The concept of static vs. dynamic thinking is a useful contrast. Much of the foundation of our world-view perspective depends on it. As I discuss the key differences it may bring some political, economic, and social schools of thought to mind.
Static thinking is zero-sum. For every winner there must be a loser. The pie is fixed in size, there’s only so much of it. Competition is each person scrambling to gather for himself the most he can, leaving less for others.
Static thinking is Malthusian. Each extra person is that much more drain on our resources: water, space, food. It focuses on costs, not benefits.
Static thinking is risk-averse. It follows the precautionary principle, which is non-scientific because in avoiding harm, it takes status quo for granted, failing to weigh the harm of inaction.

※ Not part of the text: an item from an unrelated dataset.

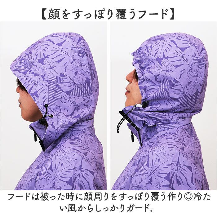 ・フードは被った時に顔周りをすっぽり覆う作り◎冷たい風からしっかりガード。

Static thinking is dogmatic. Taking status quo for granted with fixed values shuts out alternative perspectives and scenarios. It leads to the naive arrogance (or fatal conceit) that complex systems can be centrally manipulated and optimized.
Dynamic thinking is positive-sum. Winners win by creating something new, growing the pie. Competition is each person finding new ways to contribute, each creating more overall.
Dynamic thinking is Boserupian. Every limitation creates the incentives to overcome it. Necessity is the mother of innovation. Ingenuity outpaces demand. Each extra person increases the potential for the next big idea.
Dynamic thinking is opportunity seeking. It is scientific optimism: taking calculated risks weighted against benefits using available knowledge.
Dynamic thinking is idealistic. Applied to methods as well as to goals, it encourages thinking outside the box about what is possible. Yet dynamic thinking tempers this idealism with respect for the limits of knowledge that comes from realizing that well-functioning complex systems, both physical and social, are decentralized.